Indeed Thatcher, with her heat-set curls and pearls, was more often known for her fashion choices and her handbag speeches than her policies. Film director Neil Jordan has even referenced her style for his recent movie, Breakfast on Pluto. The main character, transgendered Cillian Murphy, was dressed in an ’80s power suit with padded Margiela-esque shoulders that could have come straight out of Thatcher’s wardrobe—or any Beltway wardrobe, for that matter, where shorter hair, a boxy suit, and sensible pumps are the norm. Despite the odd attempts to mix it up, like Albright’s conversation-piece brooches, this remains a fairly standard formula.
Perhaps to make the media focus more on her policies and less on her personal style, presidential hopeful Hillary Clinton has stuck with standard solid-colored pantsuits throughout her political career. Earlier on, she stuck to blacks and muted shades, but now on the campaign trail, she is branching out color-wise.

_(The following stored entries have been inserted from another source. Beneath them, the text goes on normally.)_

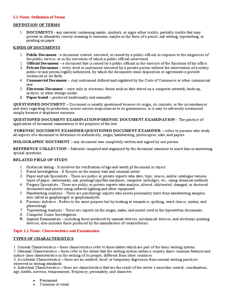 application of document examination to the purposes of the law.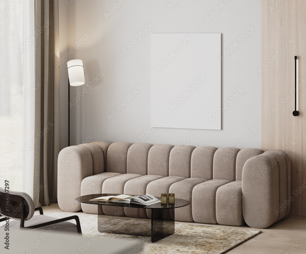 blank canvas mock-up in modern living room interior with beige sofa, floor lamp near curtains, glass coffee table and armchair, 3d render #1766017297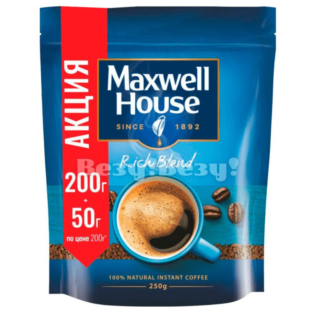 Кофе Maxwell House Rich Blend;натуральный; растворимый; сублимированный; 250гр; изготовитель ООО "Якобс Дау Эгбертс Рус"; Россия.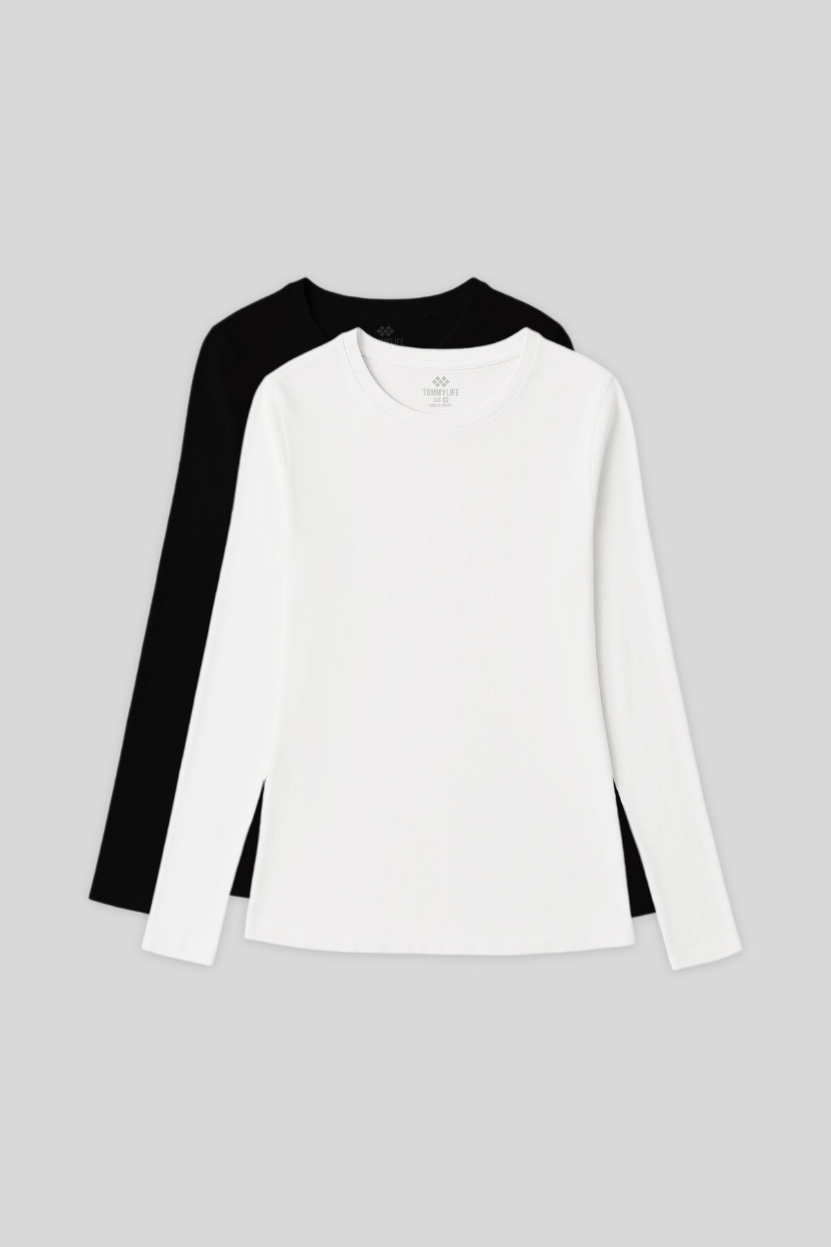 Slim Fit Basic O Yaka 2'li Paket Siyah-Beyaz Kadın T-Shirt - 97312

Perhaps she is still playing it safe, because when it comes to the style stakes, it seems she can do no right. For someone who has in the past been so castigated for her fashion and hairstyle choices, the colorful pantsuit combo is probably the safest and most inconspicuous choice.

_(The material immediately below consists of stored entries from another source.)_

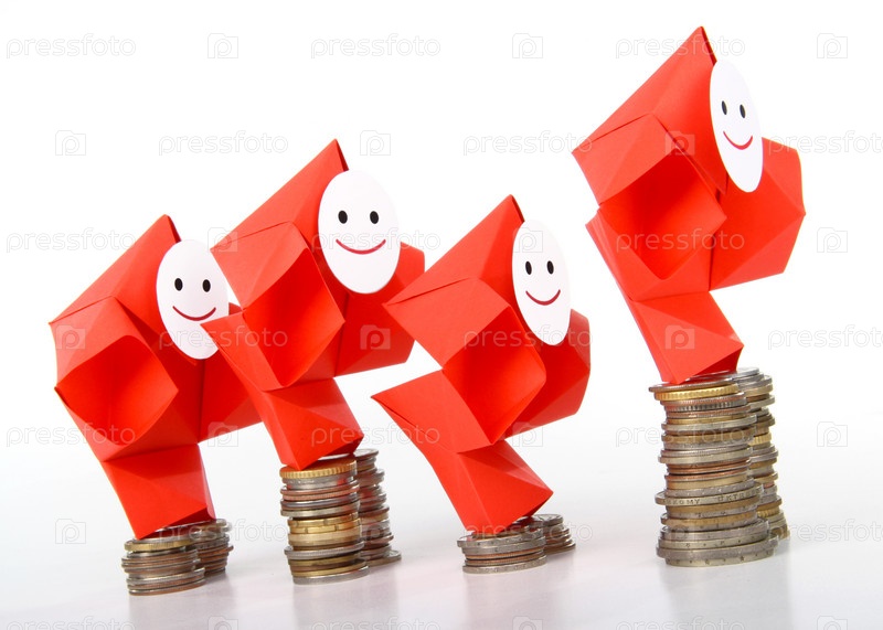 Символическое изображение денег, достатка, сбережений и материального благополучия. Люди-оригами и денежные знаки (монеты и купюры)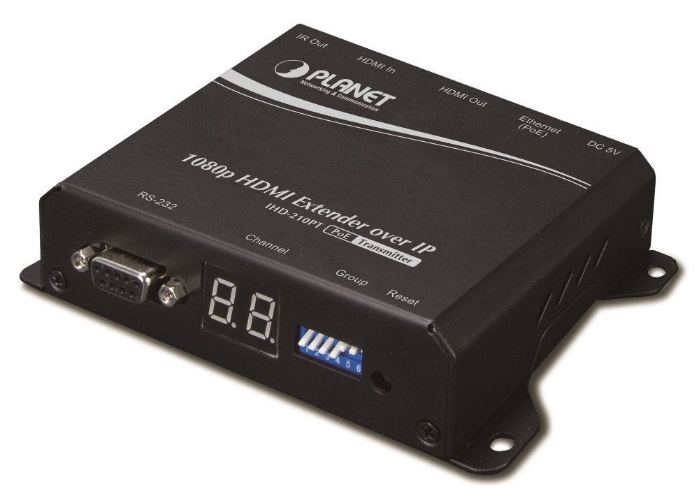 PLANET IHD-210PT; Vysílac distribuce pro extender pres sít LAN (ethernet), podpora rozlišení Full HD, komprese H.264. Prenos 64 nezávislých kanálu. Podpora identifikace EDID a ochrany HDCP. Spojení bod-bod nebo multicast. Správa utilitou, IR vysílac p...Více info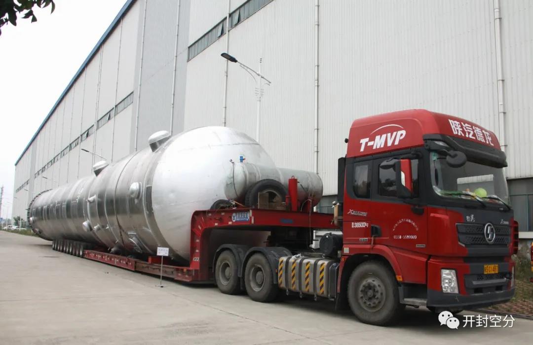 據(jù)悉,該項目下塔(含主冷凝蒸發(fā)器)重量約100噸,尺寸為31米×4.5米×4.7米,屬超大型設備運輸,由于發(fā)貨時間緊急,項目管理部及時組織運輸車輛,在空分設備廠及搬運隊的積極配合下圓滿完成了此次發(fā)貨任務。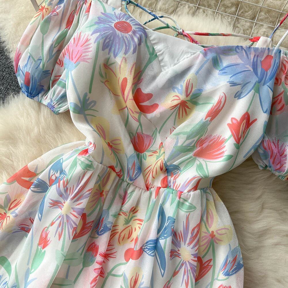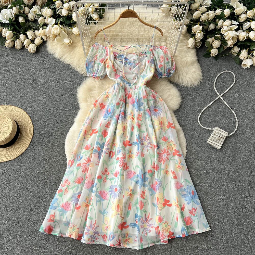 女性の夏の休日のセクシーなストラップマキシロングドレスビーチパーティーオフショルダースリムフリル Vestidos 花柄ドレス ラッフル サマー 夏物 Abe6148508495

At a debate in July last year, she chose to wear a dusky pink jacket over a black v-neck top, with just a hint of cleavage showing. She looked confident, stylish, and even feminine. Even this, however, led to round after round of disparaging criticism, not unlike her favorite hair accessory: the much-maligned headband. The pantsuits were probably handpicked to erase unsightly reminders that she is a woman in power.
Her new look is working for her. It has earned her a coveted stamp of approval from “Kaiser” Karl Lagerfeld. Widely recognized as one of fashion’s most influential voices, he has declared Clinton as his favorite. “You have no real idea what she is wearing. She is so clever and so brilliant that you see only her face—but also what she wears is right,” Lagerfeld says in WWD. “You never really look at it because one is fascinated by her intelligence. But there is never a gimmick or bad detail either.”
Other women in politics seem happy to take more fashion risks, even while sticking to fairly conservative dress codes. House Speaker Nancy Pelosi is known for her love of elegant designer suits, especially Armani. Her preferred accessory—necklaces featuring large, perfectly cultured pearls—even became fairly trendy for a while. Secretary of State Condoleezza Rice takes Pelosi’s daring a step further, adding a dash of sex appeal with dramatic coats and patent knee-high boots.
All of these touches exist to tone down the apprehension many feel when confronted with the notion of a powerful woman. It’s not dissimilar to the way in which women like Hillary, Maggie, or Condi are known primarily by their first names, sometimes even of their own accords.
Indeed, for women, style proves to be crucial in the political arena. It is not something they can dismiss, because style can affect people’s perceptions far more than policy, as evidenced by a recent presidential debate. While her fellow participants were fielding tough questions on immigration, health care, and U.S. wars in the Middle East, Hillary was instead asked if she preferred diamonds or pearls. Similarly, designer Isaac Mizrahi says in WWD, “If I don’t like someone’s appearance, I won’t consider getting to know them on any level, let alone vote for them for office.”
If women who hold power seek to masculinize themselves in order to maintain a professional appearance, it is perhaps unsurprising that politicians’ wives do very much the opposite. From stylized housewives, to style icons like Jacqueline Onassis, to supermodels like French President Nicolas Sarkozy’s wife, Carla Bruni, all share a sense of hyper-femininity. Female politicians, however, go to great lengths to neutralize or control evidence of their womanliness. For now, it seems Hillary and Nancy will be sticking with pantsuits and pearls.